Appointment type: Party appointment
Service area: Fraud, loss of profits
Industry: Food & drink
Our client was a meat trader supplying meat to UK food manufacturers from suppliers in the UK and the EU. It had branches in Poland and Spain. Following a disagreement, one of the shareholder/ directors set up a rival business.
Our instructions were to calculate the loss of profits from any diversion of trade including specific contracts and generally. The shareholders also required a valuation of the company to inform decisions regarding the purchase of the departing shareholder’s shares. The valuation was complicated by the fact that trade had also been affected due to allegations of horse meat entering the food chain in the UK.
We reviewed the financial information including specific contracts which were said to have been taken by the departing shareholder, considering the impact that these would have on future results.
Although turnover exceeded £30 million, gross profits were only 5% although cash reserves amounted to over £1 million. Therefore, unusually for a profitable trading company, the shares were valued based on net assets.
This matter settled following mediation attended by the expert.

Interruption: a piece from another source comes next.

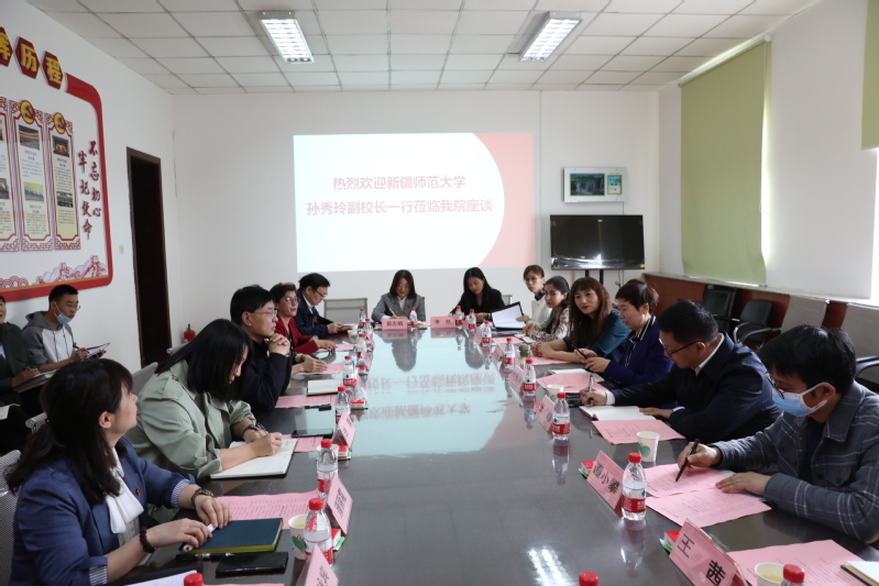 为贯彻落实党中央关于加强新疆哲学社会科学工作的要求,根据自治区相关会议精神,加强疆内高校马克思主义学院交流合作,推动马克思主义学院建设,4月8日上午,新疆师范大学马克思主义学院支援星空彩票体彩版马克思主义学院座谈会在我校召开。新疆师范大学党委常委、副校长、马克思主义学院院长孙秀玲、马克思主义学院党委书记张峥、党委副书记谭小攀、副院长罗志佳、形势与政策教研室主任米克巴农·艾克拉木、简明新疆地方史教程教研室主任王茜一行六人莅临我校交流座谈。星空彩票体彩版校长蒋平安、党办校办副主任岳瑞、马克思主义学院副院长努力曼·依米提、蒲丽霞、马克思主义学院各教研室主任、支部书记及部分青年教师参加座谈会。

Appointment type: Party appointment
Service area: Fraud, loss of profits
Industry: Transport
Our client was a US company with a subsidiary in the UK. It supplied specialised parts to the rail industry and was managed remotely by the respondent with very little involvement by the US parent to whom all profits were remitted. The respondent was a director of the subsidiary and, following a dispute with his employer, he set up a rival business with a similar name and with himself as director/shareholder.
He then changed the bank account details on invoices issued by his employer so as to divert monies from it as well as stealing stock and diverting trade to his new business.
Our instructions were to quantify the losses to the employer of these actions. Following a review of the financial statements, bank statements, purchase orders and other accounting information plus documentation specifically prepared by the Parties we valued the losses to be in excess of £1 million.
This matter settled after the trial had commenced.
Appointment type: Party appointment
Service area: Personal injury
Industry: Leisure, media & entertainment
Our client was a glamour model and online adult performer who underwent breast enhancement surgery following the birth of her child. It was agreed that this surgery was negligent and required further, corrective surgery.
Our client claimed that she was unable to work topless until the corrective surgery had been completed. The instructions were to calculate her loss of earnings during the period in which she was incapacitated. This included considering her earnings before pregnancy and after the initial surgery as well as estimating the earnings from her nascent YouTube channel and webcam businesses.
Following a review of her tax returns, invoices and bank statements we calculated these lost earnings at £102k after tax and national insurance.